» WHAT THE TASK REQUIRES
Of all the entries below, only the lines from the one with "Victoria ve Tasmania" up to and including the one with "Jeans in Cotone" are to be duplicated exactly.

Entries taken from a collection
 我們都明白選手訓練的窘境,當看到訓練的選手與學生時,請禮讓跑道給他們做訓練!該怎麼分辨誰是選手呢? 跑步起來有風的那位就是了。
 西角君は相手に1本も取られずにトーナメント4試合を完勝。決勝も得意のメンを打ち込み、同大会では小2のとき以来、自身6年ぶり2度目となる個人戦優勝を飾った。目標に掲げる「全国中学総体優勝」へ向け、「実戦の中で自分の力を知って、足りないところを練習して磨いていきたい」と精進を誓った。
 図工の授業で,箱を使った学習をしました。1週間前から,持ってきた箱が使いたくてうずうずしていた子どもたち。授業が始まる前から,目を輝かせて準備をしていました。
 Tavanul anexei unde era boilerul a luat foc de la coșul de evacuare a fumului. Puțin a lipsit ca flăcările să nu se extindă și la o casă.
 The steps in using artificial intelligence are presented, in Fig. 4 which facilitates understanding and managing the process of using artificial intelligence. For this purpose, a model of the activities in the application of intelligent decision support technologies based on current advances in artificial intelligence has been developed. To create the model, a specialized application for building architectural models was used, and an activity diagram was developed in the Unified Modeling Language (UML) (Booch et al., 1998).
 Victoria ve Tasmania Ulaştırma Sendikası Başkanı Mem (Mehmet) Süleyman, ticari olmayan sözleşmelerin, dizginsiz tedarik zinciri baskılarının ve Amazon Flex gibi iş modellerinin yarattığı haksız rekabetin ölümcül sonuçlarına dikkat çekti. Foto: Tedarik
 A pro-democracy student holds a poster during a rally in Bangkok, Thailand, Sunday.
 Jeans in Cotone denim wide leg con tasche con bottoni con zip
==
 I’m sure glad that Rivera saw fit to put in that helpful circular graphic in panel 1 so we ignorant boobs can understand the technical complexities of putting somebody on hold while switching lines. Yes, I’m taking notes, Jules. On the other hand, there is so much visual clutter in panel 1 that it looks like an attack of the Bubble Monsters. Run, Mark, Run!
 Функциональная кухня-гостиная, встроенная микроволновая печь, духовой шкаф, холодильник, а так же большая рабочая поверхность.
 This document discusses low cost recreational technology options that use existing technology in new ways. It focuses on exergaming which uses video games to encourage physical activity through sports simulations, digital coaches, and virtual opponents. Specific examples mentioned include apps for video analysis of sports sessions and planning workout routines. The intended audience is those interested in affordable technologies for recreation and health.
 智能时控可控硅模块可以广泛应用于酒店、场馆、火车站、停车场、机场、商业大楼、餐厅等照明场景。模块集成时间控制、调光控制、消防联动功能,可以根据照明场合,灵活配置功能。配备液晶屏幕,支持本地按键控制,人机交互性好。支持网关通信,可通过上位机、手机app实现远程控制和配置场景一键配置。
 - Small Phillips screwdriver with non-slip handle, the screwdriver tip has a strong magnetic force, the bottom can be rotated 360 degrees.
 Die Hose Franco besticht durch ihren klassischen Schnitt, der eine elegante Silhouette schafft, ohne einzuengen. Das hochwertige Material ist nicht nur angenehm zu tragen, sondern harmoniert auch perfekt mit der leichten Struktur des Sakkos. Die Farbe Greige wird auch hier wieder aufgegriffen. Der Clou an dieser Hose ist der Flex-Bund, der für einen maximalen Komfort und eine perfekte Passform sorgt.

» TASK RESPONSE
 Victoria ve Tasmania Ulaştırma Sendikası Başkanı Mem (Mehmet) Süleyman, ticari olmayan sözleşmelerin, dizginsiz tedarik zinciri baskılarının ve Amazon Flex gibi iş modellerinin yarattığı haksız rekabetin ölümcül sonuçlarına dikkat çekti. Foto: Tedarik
 A pro-democracy student holds a poster during a rally in Bangkok, Thailand, Sunday.
 Jeans in Cotone denim wide leg con tasche con bottoni con zip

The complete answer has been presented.